Your auto.home should be (for example):
user1 front_end.local:/export/home/&
Were these systems upgraded to ROCKS 5.1?
Ian Kaufman
Research Systems Administrator
UC San Diego, Jacobs School of Engineering
I've just installed Rocks 5.1 and have similar problems.
useradd creates user home directories under /export/home.
Which isnt a problem as long as the directory gets exported by NFS, but it somehow doesnt.
--
WBR, Grigory Shamov
--- On Wed, 4/15/09, Kaufman, Ian <ikau...@soe.ucsd.edu> wrote:
On a new install, /export should be a symlink to /state/partition1
by default, and autofs should be configured to mount /home/user
using /export/home/user. Is autofs working correctly? Did you
run "rocks sync users"?
Ian Kaufman
Research Systems Administrator
UC San Diego, Jacobs School of Engineering
> -----Original Message-----
> From: npaci-rocks-dis...@sdsc.edu [mailto:npaci-rocks-
> discussio...@sdsc.edu] On Behalf Of Grigory Shamov
> Sent: Wednesday, April 15, 2009 10:37 AM
> To: Discussion of Rocks Clusters
> Subject: Re: [Rocks-Discuss] can't find /exports/home on compute
> nodes
>
>
try:
# rocks sync users
then, on a compute node, send us the output of:
# cat /etc/auto.home
- gb
I've added one user and did rocks sync users. If I mount /export manually on the nodes, there is no problem -- I can ssh w/o passowrd etc.
How do I check if autofs works correctly?
It seem to have entries for the user in its /etc/auto.* files.
But doesnt mount /share or /home or /export/home.
> > Hi Ian
> >
> > I've just installed Rocks 5.1 and have similar
> problems.
> > useradd creates user home directories under
> /export/home.
> > Which isnt a problem as long as the directory gets
> exported by NFS,
> > but it somehow doesnt.
> >
> > --
> > WBR, Grigory Shamov
> == [root@compute-0-0 ~]# host front_end.local == Host
> front_end.local not found: 3(NXDOMAIN)
On compute-0-0, what is the output of "host front_end.local"?

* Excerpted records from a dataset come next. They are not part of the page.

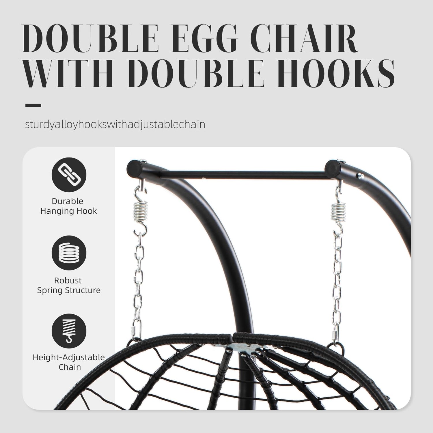 - 【Versatile Use】Double egg chair adds style and comfort to indoor/outdoor spaces. Complements patio furniture—great for tea, sunbathing, or reading. Cozy spot for both kids and adults to relax and unwind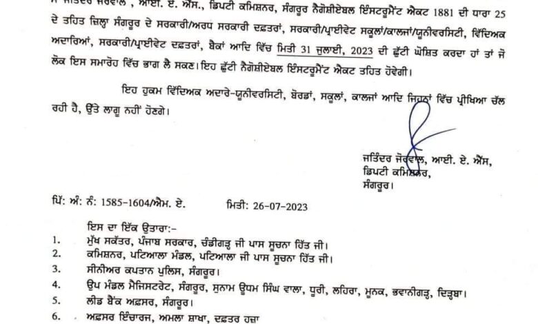 डिप्टी कमिश्नर के इन आदेशों के साथ ही संगरूर जिले में 31 जुलाई को छुट्टी रहेगी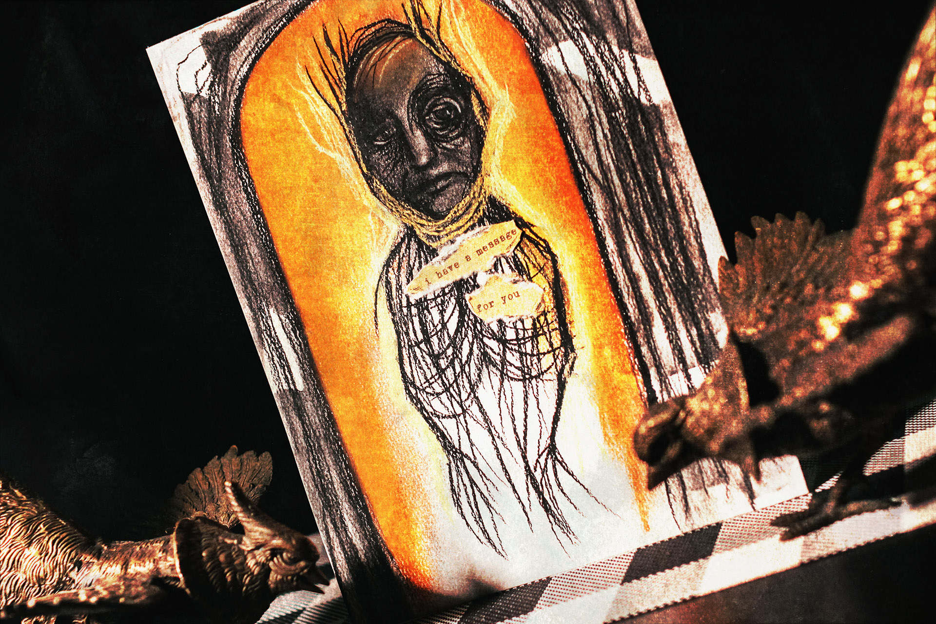 A joyful skeleton’s time to celebrate has come as the church burns into dust.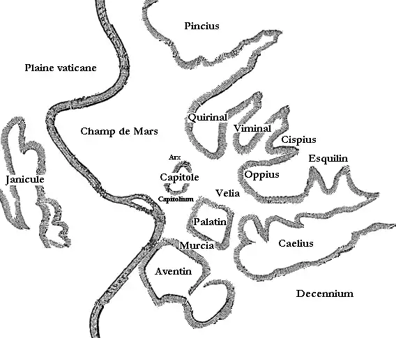 Марсове поле (Champ de Mars) на мапі Риму до заснування міста Ромулом. Вигляд на річку Тибр та схили: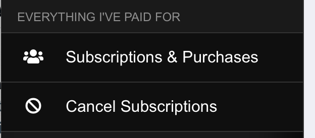 To locate any purchases, start by selecting Subscriptions & Purchases on the left panel: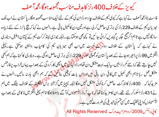Target Of 400 Runs Against New Zealand In Wallington Test Will Be More Than Enough Says Muhammad Asif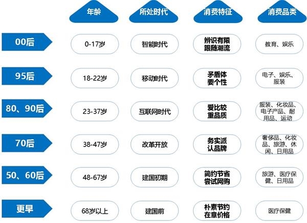 不同的年代背景影响了各年龄段的消费习惯和消费特征。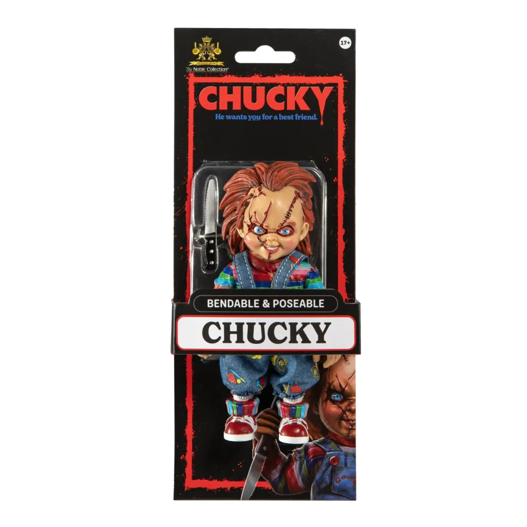 Noble präsentiert diese coole Biegefigur aus dem "Chucky Die Mörderpuppe" Film. Sie ist ca. 14,5 cm groß und lässt sich in viele verschiedene Positionen biegen. Die Figur wurde aus PVC und ABS gefertigt.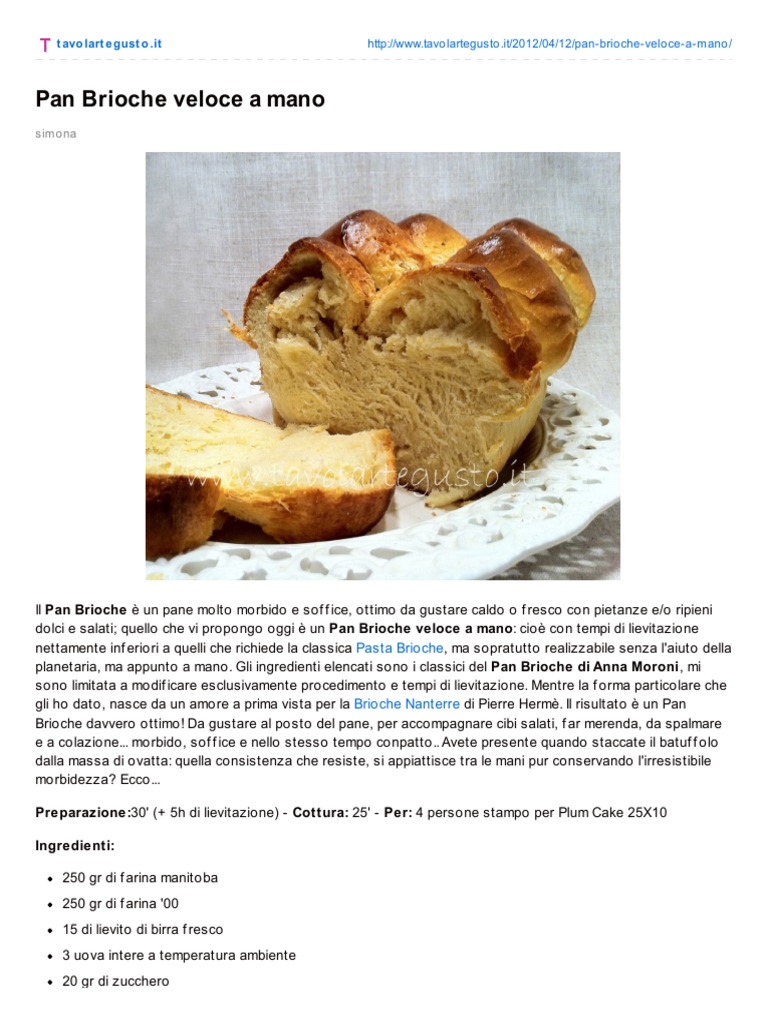 Il Pan Brioche un pane molto morbido e sof f ice, ottimo da gustare caldo o f resco con pietanze e/o ripieni dolci e salati; quello che vi propongo oggi un Pan Brioche veloce a mano : cio con tempi di lievitazione nettamente inf eriori a quelli che richiede la classica Pasta Brioche, ma sopratutto realizzabile senza l'aiuto della planetaria, ma appunto a mano. Gli ingredienti elencati sono i classici del Pan Brioche di Anna Moroni , mi sono limitata a modif icare esclusivamente procedimento e tempi di lievitazione. Mentre la f orma particolare che gli ho dato, nasce da un amore a prima vista per la Brioche Nanterre di Pierre Herm. Il risultato un Pan Brioche davvero ottimo! Da gustare al posto del pane, per accompagnare cibi salati, f ar merenda, da spalmare e a colazione... morbido, sof f ice e nello stesso tempo conpatto.. Avete presente quando staccate il batuf f olo dalla massa di ovatta: quella consistenza che resiste, si appiattisce tra le mani pur conservando l'irresistibile morbidezza? Ecco... Preparazione:30' (+ 5h di lievitazione) - Cottura: 25' - Per: 4 persone stampo per Plum Cake 25X10 Ingredienti: 250 gr di f arina manitoba 250 gr di f arina '00 15 di lievito di birra f resco 3 uova intere a temperatura ambiente 20 gr di zucchero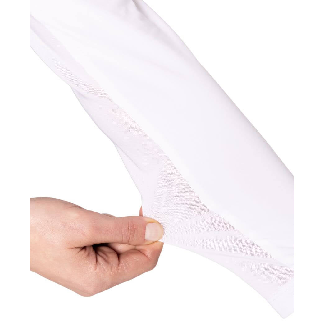 Golftini Women's White Long Sleeve Sport Polo kombinerar klassisk stil med prestationsdriven funktionalitet. Denna polo är utformad från lätt, fuktig tyg och håller dig sval och bekväm under hela din runda. Feminina prinsessamsömmar och andningsbara understörningsnätpaneler ger en smickrande passform och förbättrad ventilation, medan UPF 30+ solskydd och rynkfri prestanda gör det idealiskt för soliga dagar på banan.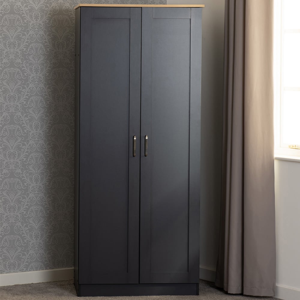 Seconique Portland 2 Door Grey and Oak Effect Wardrobe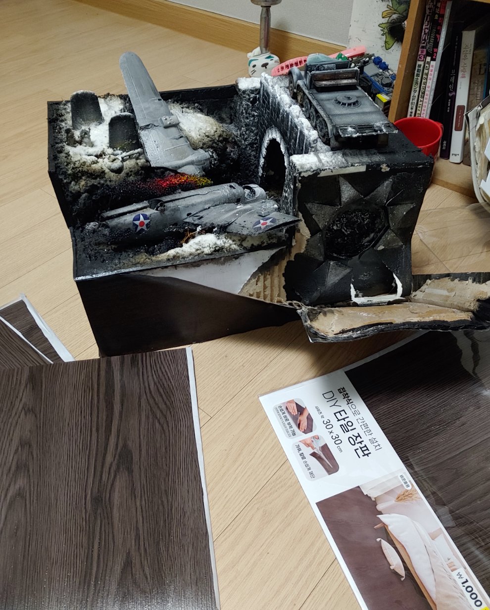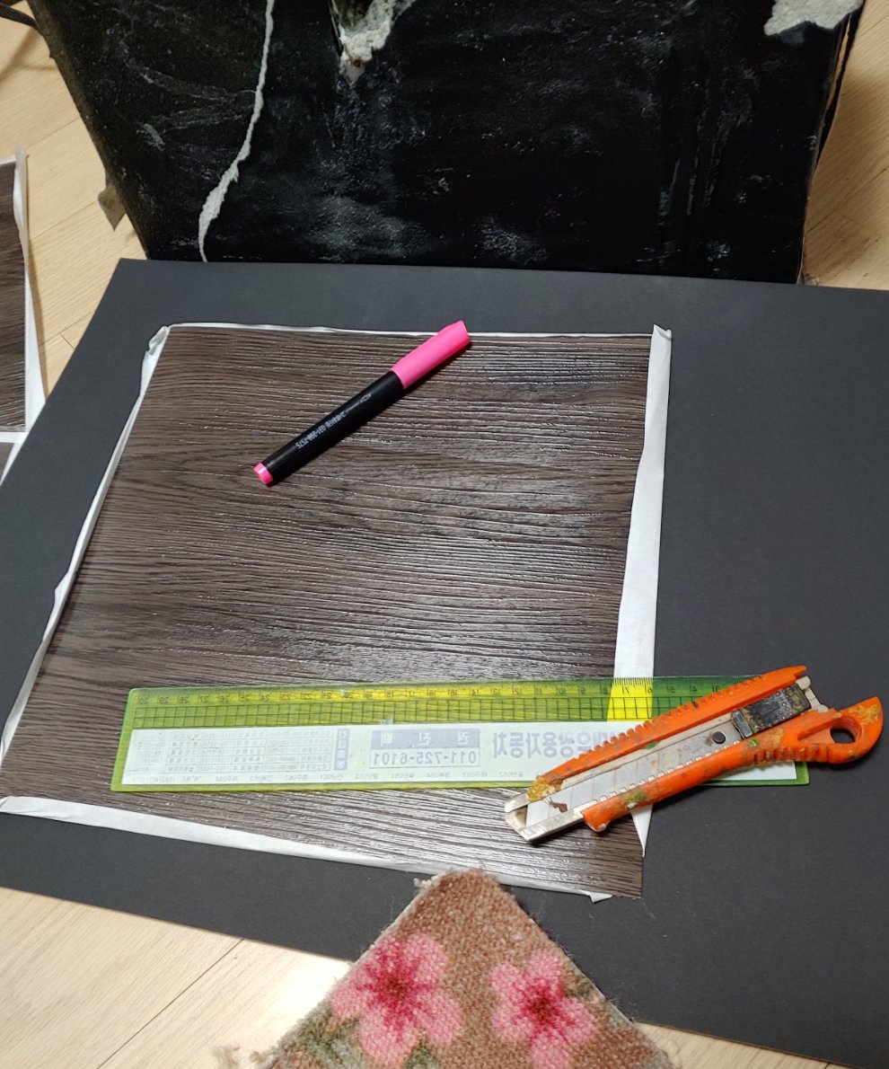 1.우는 시트지대신 타일장판 붙이기 시트지가 울어서 보기 흉하고 고치기도 힘들어 아예 다이소 두꺼운 타일 장판을 이용 했습니다.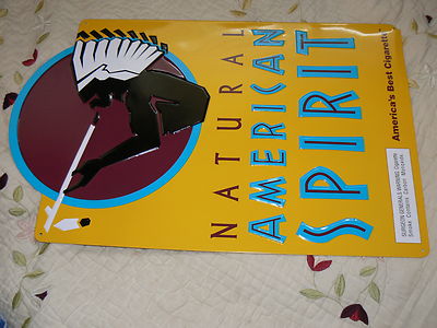 Title (ebay affiliate link): NATURAL AMERICAN SPIRIT TIN CIGARETTE SIGN INDIAN CHIEF SMOKING TOBACCO 12"X19"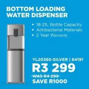Hirsch's offers a wide collection of products, besides the Midea bottom loading water dispenser. Keep an eye on the weekly Hirsch's catalogue to find the best specials and promotions. Besides Midea bottom loading water dispenser, you can also find the following offers: Eiger Top Loading Water Dispenser with Ice Maker, Midea counter top water dispenser & Metallic Fridge with Bottom Freezer and Water Dispenser.

What is in /etc/hosts on both the node and the head?
Ian Kaufman
Research Systems Administrator
UC San Diego, Jacobs School of Engineering
> -----Original Message-----
> From: npaci-rocks-dis...@sdsc.edu [mailto:npaci-rocks-
> discussio...@sdsc.edu] On Behalf Of Grigory Shamov
> Sent: Wednesday, April 15, 2009 10:37 AM
> To: Discussion of Rocks Clusters
> Subject: Re: [Rocks-Discuss] can't find /exports/home on compute
> nodes
>
>
If they are not being automounted under /home, then the problem is with
autofs.
I'll describe how mine looks on a recent install of Rocks 5.1. In your
/etc/exports file there should be a line which exports the /export
directory to the cluster nodes. Then there should be a file
/etc/auto.master which has a line like:
/home /etc/auto.home --timeout=1200
Finally there should be a /etc/auto.home file which has a line for each
user in the cluster that looks like:
username frontendname.local:/export/home/username
The same files (except /etc/exports) should be present on the compute nodes.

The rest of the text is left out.